利息は、特別な約束がない限り、発生しないということはほとんどありません。

これに対し、遅延損害金は違います。

遅延損害金とは、返済期限を過ぎたことによって当然に生じる損害の賠償金であり、特段の定めがなくとも発生します。

遅延損害金は、民法が適用される個人間の場合は年率5%で、商法が適用される商人間の場合は年率6%となります。

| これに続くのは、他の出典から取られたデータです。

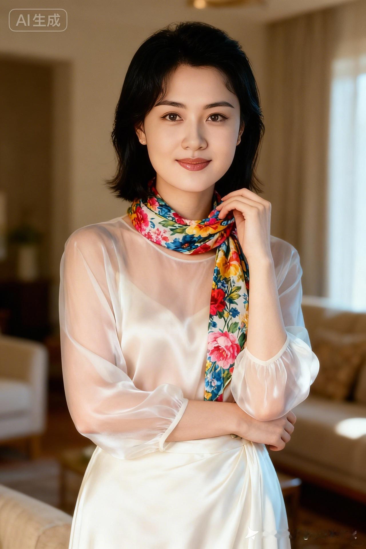 温柔优雅的少女,花色丝巾点缀,尽显时尚魅力!🌸💃
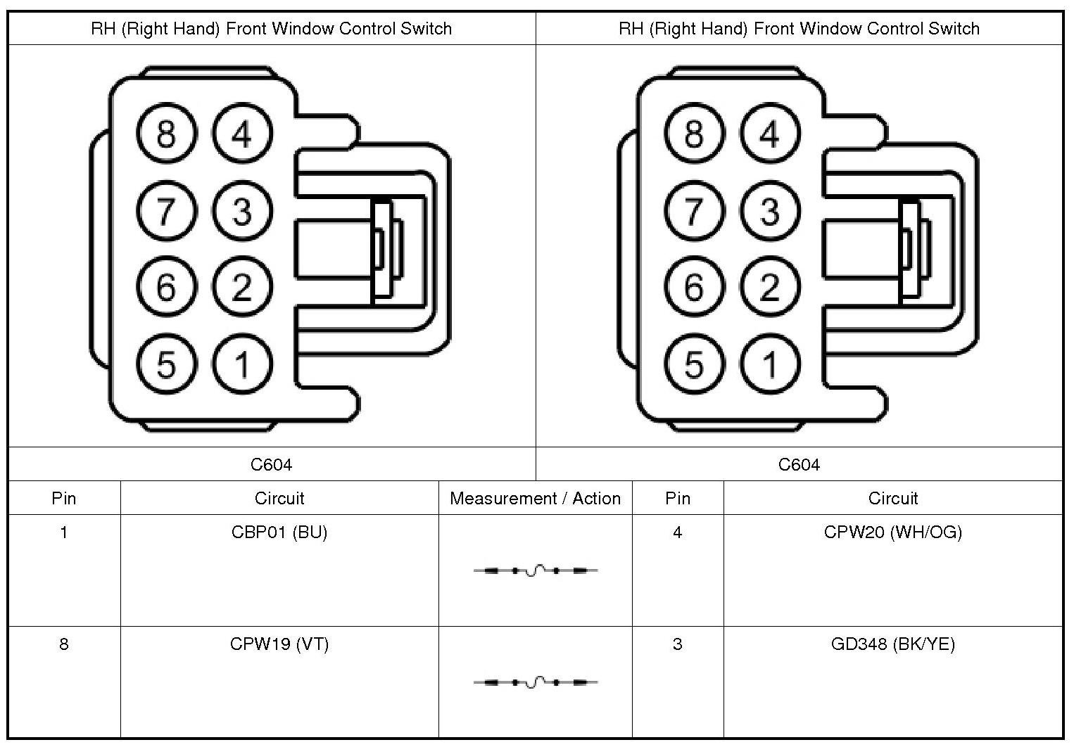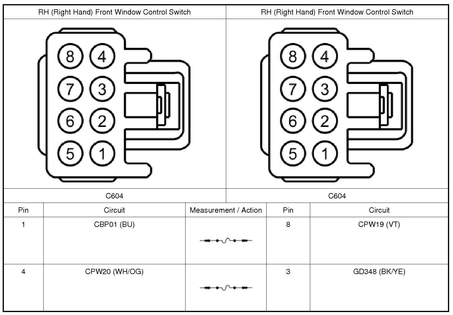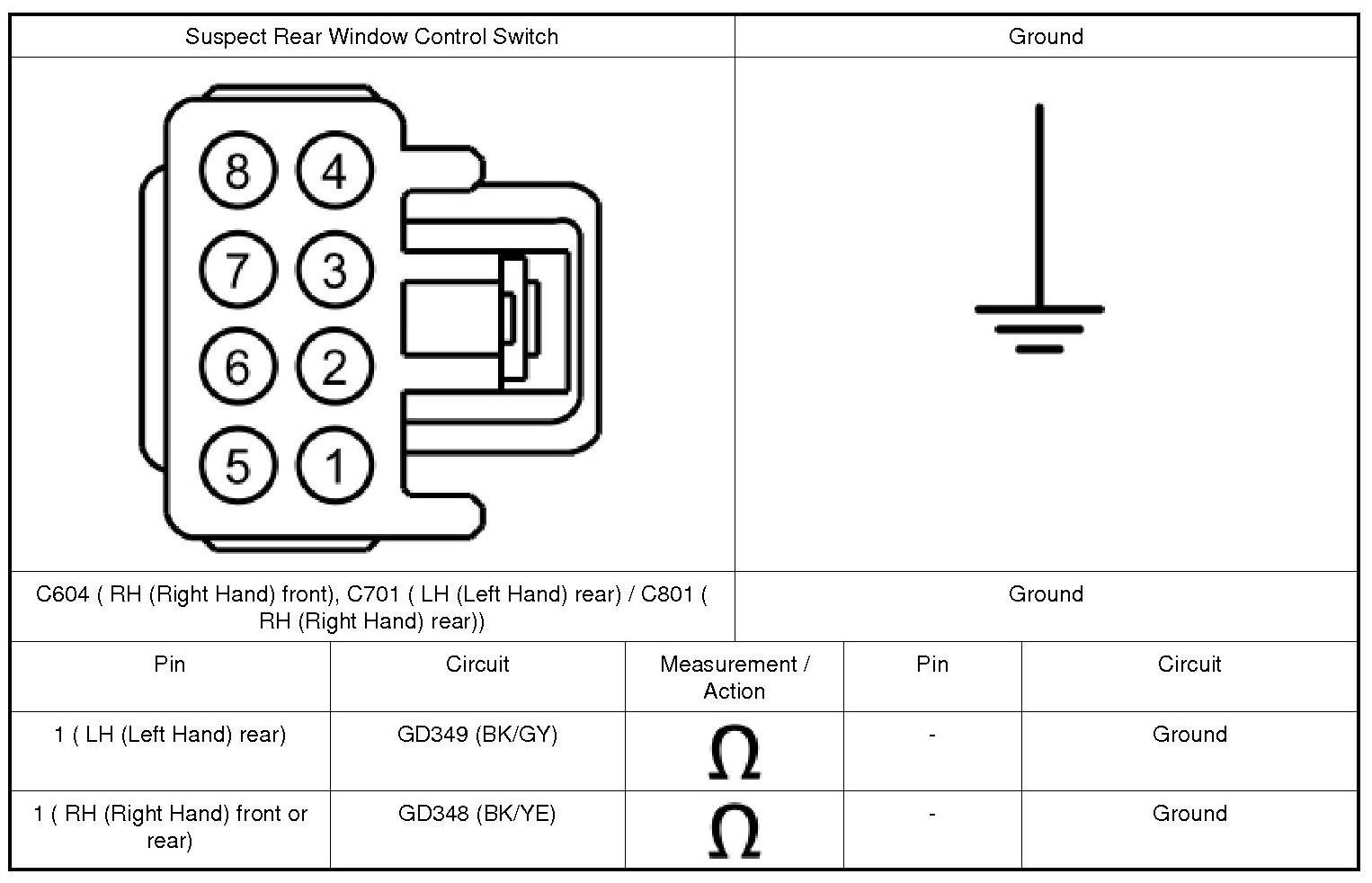 2. Disconnect: Suspect RH (Right Hand) Front Window Control Switch C604, Rear Window Control Switch C701 (LH (Left Hand)) or C801 (RH (Right Hand)).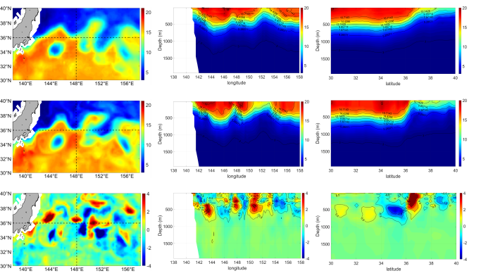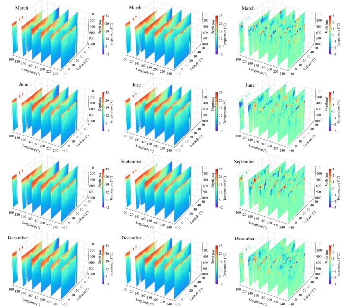 研究結(jié)果表明,提出的海洋次表層溫度場重構(gòu)模型能獲得海洋內(nèi)部溫度的空間分布、垂向結(jié)構(gòu)及季節(jié)變化特征,特別是在溫躍層和深層表現(xiàn)出更好的穩(wěn)定性,再現(xiàn)了中尺度渦旋與鋒面的熱結(jié)構(gòu)特征。相關(guān)成果為利用衛(wèi)星遙感反演海洋內(nèi)部熱結(jié)構(gòu)提供了新方法,也可為海洋動力過程分析、氣候變化研究和海洋環(huán)境業(yè)務(wù)化監(jiān)測提供技術(shù)支撐。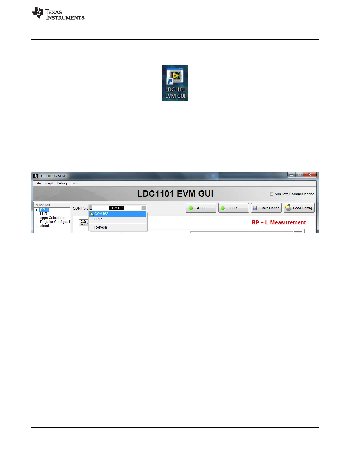 The LDC1101GUI uses a virtual COM port to communicate with the LDC1101EVM through USB.
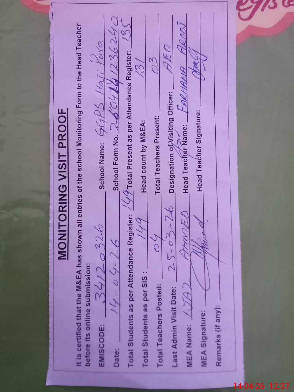 | EMIS Code: 34120326 | Name of School: GGPS HAJI PURA | |||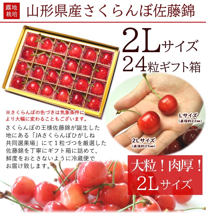 名称 さくらんぼ 佐藤錦 チョコ箱詰め LLサイズ 24粒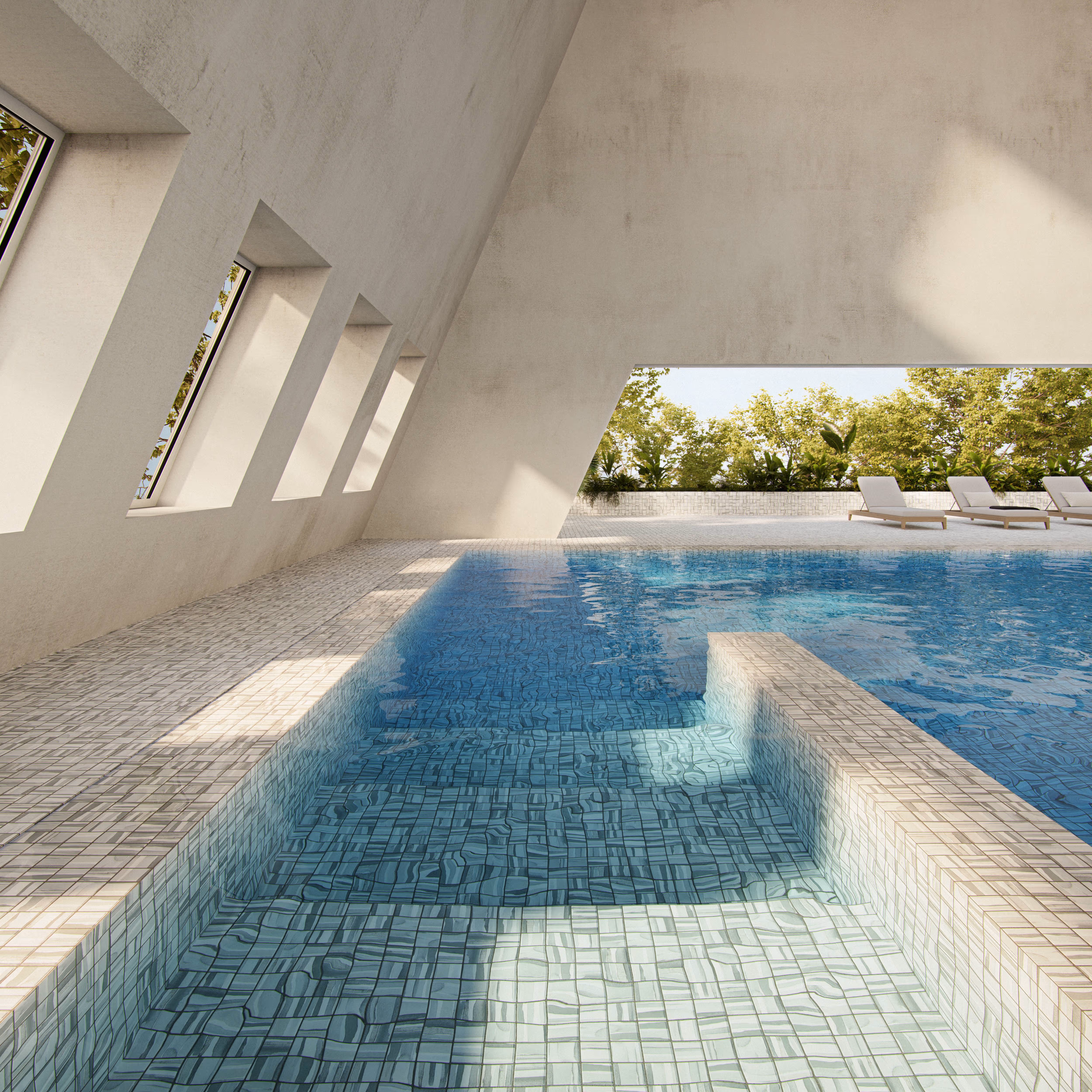 Our Corner and Cove pieces provide a seamless transition and a polished look for any space. Designed with the same non-slip texture as our mosaics, they ensure safety without compromising style.

遅延損害金について、次の「②損害額の予定」でお伝えするように、当事者間で別段の定めをすることができます。

 

②損害額の予定

当事者間で、将来起こるかもしれない紛争を回避するために、あらかじめ払えなかった場合の損害賠償額を取決めておくことがあります。

これを、「損害額の予定」といいます。

金銭消費貸借の場合、「違約金」の定めは、損害額の予定であるとみなされます。

損害賠償額の予定の合意がある場合、債権者は、弁済を受けなかったことによって、いくらの損害が発生したという証明をすることなく、予定額の支払いを請求することができます。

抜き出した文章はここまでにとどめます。